# CLASS-10INTRODUCTION & SEQUENCE

ARITHMETIC PROGRESSION (A.P)

Sequence –

Some numbers arranged in a definite order according to some definite rule are said to form a sequence. The number occurring at the nth place of a sequence is called its nth term, denoted by Tₑ or aₑ.

Example.) Consider the rule, Tₑ= (3e + 5)

Putting, e = 1, 2, 3, 4, 5, 6, 7,……………., we get

T₁ = (3e + 5) = 8

T₂ = (3e + 5) = 11

T₃ = (3e + 5) = 14, and so on ……..

Thus the numbers 8, 11, 14, 17, 20, 23,………… form a sequence. In this sequence, the first term is 8, the second term is 11, the third term is 14, and so on. The eth term is (3e + 5). The eth term in a sequence is called its general term.

Arithmetic Progression (A.P) –

A sequence, in which each term differs from its preceding term by a constant, is called an arithmetic progression which can be written as A.P. The constant difference is called the common difference.

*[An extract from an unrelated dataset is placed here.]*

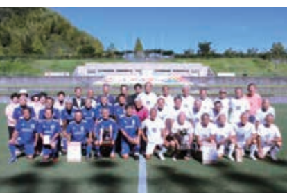
優勝チーム 清水クラブ60(左側)・茅ヶ崎シニア70(右側)

Example.1) Show that the progression 7, 12, 17, 22, 27,………..is in A.P. Write its first term and common difference.

Ans.) The given progression is 7, 12, 17, 22, 27,………..

We have, (12 – 7) = 5

(17 – 12) = 5

(22 – 17) = 5

(27 – 22) = 5

So, (12 – 7) = (17 – 12) = (22 – 17) = (27 – 22) = 5 (constant)

So, the given progression is an A.P

It’s first term = 7, and common difference = 5     (Ans.)

Example.2) Show that the progression 7, 4, 1, - 2, - 5, - 8,……….. is n A.P. Write its first term and the common difference

Ans.) The given progression is 7, 4, 1, - 2, - 5, - 8,………..

We have, (4 – 7) = - 3,

(1 – 4) = - 3,

(- 2 – 1) = - 3,

{- 5 – (- 2)} = (- 5 + 2) = - 3

{- 8 – (- 5)} = (- 8 + 5) = - 3

So, (4 – 7) = (1 – 4) = (- 2 – 1) = {- 5 – (- 2)} = {- 8 – (- 5)} = - 3 (constant)

So, the given progression is an A.P.

Its first term = 7, and common difference = - 3. (Ans.)

Example.3) Show that each of the following progressions is an A.P. Find the common difference and the next term of each –

(i) √7, √28, √63,…………

Ans.) The given terms are √7, √28, √63,…………

We write them as √7, √(4 X 7), √(9 X 7),…………

=> √7, √(2² X 7), √(3² X 7),…………

=> √7, 2√7, 3√7,…………

We have, (2√7 - √7) = √7

(3√7 - 2√7) = √7

So, (2√7 - √7) = (3√7 - 2√7) = √7       (constant)

So the given progression is an A.P. in which the common difference is √7. Clearly the next term is 4√7 = √(4² X 7) = √(16 X 7) = √112     (Ans.)

(ii) √18, √50, √98,…………….

The given terms are, √18, √50, √98,…………….

We may write as, √(9 X 2), √(25 X 2), √(49 X 2),…………….

=> √(3² X 2), √(5² X 2), √(7² X 2),…………..

=> 3√2, 5√2, 7√2,……………

We have, (5√2 - 3√2) = 2√2

(7√2 - 5√2) = 2√2

So, (5√2 - 3√2) = (7√2 - 5√2) = 2√2      (constant)

So the given progression is an A.P. in which the common difference is 2√2. Clearly the next term is 9√2 = √(9² X 2) = √(81 X 2) = √162     (Ans.)